UNITED STATES
SECURITIES AND EXCHANGE COMMISSION
Washington, D.C. 20549
FORM 8‑K
CURRENT REPORT
Pursuant to Section 13 or 15(d) of the Securities Exchange Act of 1934
Date of report (Date of earliest event reported) January 10, 2013
BLUE CALYPSO, INC.
(Exact name of registrant as specified in its charter)
Delaware
(State or other jurisdictionof incorporation)
000-53981 20-8610073
(Commission File Number) (IRS Employer Identification No.)
19111 North Dallas Parkway, Suite 200
Dallas, TX 75287
(Address of principal executive offices) (Zip Code)
(972) 695-4776
(Registrant’s telephone number, including area code)
(Former name or former address, if changed since last report)

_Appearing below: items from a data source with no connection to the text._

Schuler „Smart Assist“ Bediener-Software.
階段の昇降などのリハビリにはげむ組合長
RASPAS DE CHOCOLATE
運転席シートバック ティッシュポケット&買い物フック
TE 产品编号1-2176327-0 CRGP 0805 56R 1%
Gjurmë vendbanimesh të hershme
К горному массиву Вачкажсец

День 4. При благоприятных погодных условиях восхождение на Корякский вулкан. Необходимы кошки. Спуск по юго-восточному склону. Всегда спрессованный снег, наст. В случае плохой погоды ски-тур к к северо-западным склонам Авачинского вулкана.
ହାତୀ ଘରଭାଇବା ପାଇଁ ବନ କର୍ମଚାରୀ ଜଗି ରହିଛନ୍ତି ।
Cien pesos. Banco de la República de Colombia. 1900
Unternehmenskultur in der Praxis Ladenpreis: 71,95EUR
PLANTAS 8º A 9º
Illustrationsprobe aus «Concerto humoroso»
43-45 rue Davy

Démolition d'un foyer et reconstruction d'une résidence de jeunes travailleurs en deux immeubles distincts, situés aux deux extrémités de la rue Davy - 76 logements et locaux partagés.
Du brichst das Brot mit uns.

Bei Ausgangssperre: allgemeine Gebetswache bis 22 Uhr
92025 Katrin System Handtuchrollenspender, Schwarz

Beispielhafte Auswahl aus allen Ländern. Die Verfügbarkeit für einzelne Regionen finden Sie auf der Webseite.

Check the appropriate box below if the Form 8-K filing is intended to simultaneously satisfy the filing obligation of the registrant under any of the following provisions (seeGeneral Instruction A.2. below):
o Written communications pursuant to Rule 425 under the Securities Act (17 CFR 230.425)

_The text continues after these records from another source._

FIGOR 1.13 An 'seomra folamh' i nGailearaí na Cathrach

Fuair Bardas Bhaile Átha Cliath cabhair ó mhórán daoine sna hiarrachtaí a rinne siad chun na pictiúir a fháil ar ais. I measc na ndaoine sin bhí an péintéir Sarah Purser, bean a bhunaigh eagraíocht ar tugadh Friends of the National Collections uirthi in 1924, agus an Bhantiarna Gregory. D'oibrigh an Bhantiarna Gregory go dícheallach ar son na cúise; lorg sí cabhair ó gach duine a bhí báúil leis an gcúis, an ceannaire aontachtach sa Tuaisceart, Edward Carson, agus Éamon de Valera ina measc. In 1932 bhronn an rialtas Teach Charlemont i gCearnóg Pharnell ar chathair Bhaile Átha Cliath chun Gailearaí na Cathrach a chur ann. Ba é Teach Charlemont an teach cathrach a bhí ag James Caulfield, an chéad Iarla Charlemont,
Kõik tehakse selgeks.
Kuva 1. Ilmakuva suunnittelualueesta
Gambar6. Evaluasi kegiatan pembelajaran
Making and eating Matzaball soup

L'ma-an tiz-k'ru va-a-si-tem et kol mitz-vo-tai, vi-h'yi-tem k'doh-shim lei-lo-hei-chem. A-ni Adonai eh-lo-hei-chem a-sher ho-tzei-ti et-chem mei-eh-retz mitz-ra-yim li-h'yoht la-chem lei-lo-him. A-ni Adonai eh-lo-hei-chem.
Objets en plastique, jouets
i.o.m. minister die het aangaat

o Soliciting material pursuant to Rule 14a-12 under the Exchange Act (17 CFR 240.14a-12)
o Pre-commencement communications pursuant to Rule 14d-2(b) under the Exchange Act (17 CFR 240.14d-2(b))
o Pre-commencement communications pursuant to Rule 13e-4(c) under the Exchange Act (17 CFR 240.13e-4(c))
Item 5.02 Departure of Directors or Certain Officers; Election of Directors; Appointment of Certain Officers; Compensatory Arrangements of Certain Officers.
On January 10, 2013, Andrew Malloy was appointed to the board of directors of Blue Calypso, Inc. (the “Company”). There were no arrangements or understandings between Mr. Malloy and the Company pursuant to which he was selected as a director. Mr. Malloy will also serve as a member of the Company’s audit committee and compensation committee. In connection with his appointment as a director and as a member of the audit committee, Mr. Malloy was granted options to purchase an aggregate of 450,000 shares of the Company’s common stock (the “Options”) at an exercise price equal to $0.22 per share for a term of 10 years. The Options vest pro-rata quarterly over a period of two years.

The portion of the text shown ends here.